I don't really know or care, it was just one of the best meals I've ever eaten.
I was sad to see it go.
Then...I danced.
So, up to that point, this wedding party consisted of the closest childhood friends of the groom and his brother.
Chris and I were, for lack of a better term, outsiders.
It was hard to relate to these guys, we were soft city folk who'd never punched a horse or eaten a tree or whatever people like this do when they've been drinking for most of a week.
...
Okay, for brevity's sake, I'll say this: the fourth song they played was "Kiss" by Prince.
I am now a legend in Alaska.
Everyone is my friend.
Problem = solved.
The next and last day at Heavenly Lodge went much the same as the first few, except we met some gay guys and some people who aren't made of nails and whiskers and axes and bourbon and actually had some cool conversation while eating some staggering burritos.
I had a bloody mary sans vodka and I think I've found a new friend...underneath myyyyy pillow...

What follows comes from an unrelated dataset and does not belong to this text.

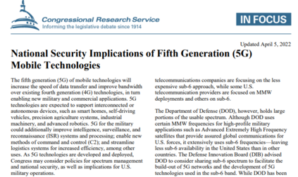 为了应对这些安全问题,美国国会通过了《安全5G及其他法案》(P.L. 116-129),要求总统制定5G保护战略。同样,2020财年国防授权法(NDAA)(P.L. 116-92)第254条要求国防部长制定国防部5G战略。这些战略分别于2020年3月和2020年5月发布。美国防部在2020年12月发布了一个5G实施计划,详细说明了目前的活动以及它们如何与战略保持一致。此外,2021财年NDAA(P.L. 116-283)第224条指示国防部创建一个5G治理结构,而第225条指示国防部展示5G组件技术的成熟度。最后,2022财年NDAA(P.L. 117-81)第233条指示每个军事部门的部长制定一个军事设施的5G试点计划。
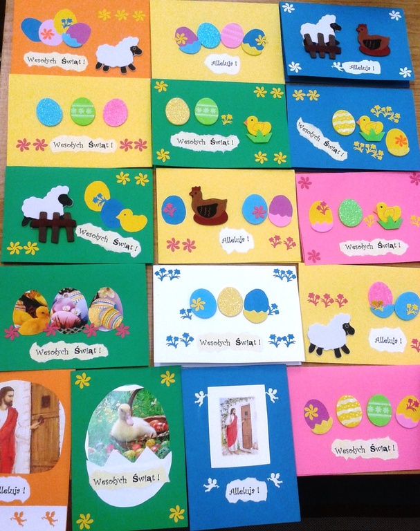 - przygotowanie kartek z życzeniami (Święto Edukacji Narodowej, Boże Narodzenie, Dzień Kobiet, Wielkanoc)

That evening, with everyone gone but Tom, his brother, Steve, and his awesome wife, Lauren, Tom's cousin, Sean and their aforementioned childhood friend, Marlin, Chris and I were actually able to integrate and relate a bit. Much of the isolation and disregard we'd felt melted away and, as we sat around a roaring fire, we began to feel like we were a part of something, rather than bystanders.
It was pretty satisfying and went a long way.
Then, more sleeping and, when we woke up the next day, it was time to drive back to Anchorage.
Our time in Cooper Landing had been bitter sweet, and I'll leave it at that.
But we weren't through yet...
Our flight out of Anchorage was at 1:10 in the morning, over twelve hours away, so we had a full day to kill before we were free from this beautiful, pristine hell.
We drove to Hope, Alaska, where Chris' dad's ashes are scattered and took in some more astonishing beauty on the way there and back, then we pulled off the road so I could dunk my head under a waterfall made from glacial run off (it was cold), then we met some of the stragglers at Moose Tooth Pizza where I was to have a really amazing cheese pizza.
The pizza in Alaska had been talked up for a while and it didn't disappoint.
Was it the best I'd ever had? Hah, fuck you, but it was very, very good.
Eventually, we got on our first plane from Anchorage to Seattle (in at 5:30 am),and then our next plane from Seattle to New York (in at 3:30 pm), and then, finally, we were home.
This...was quite a trip...and we are still recovering.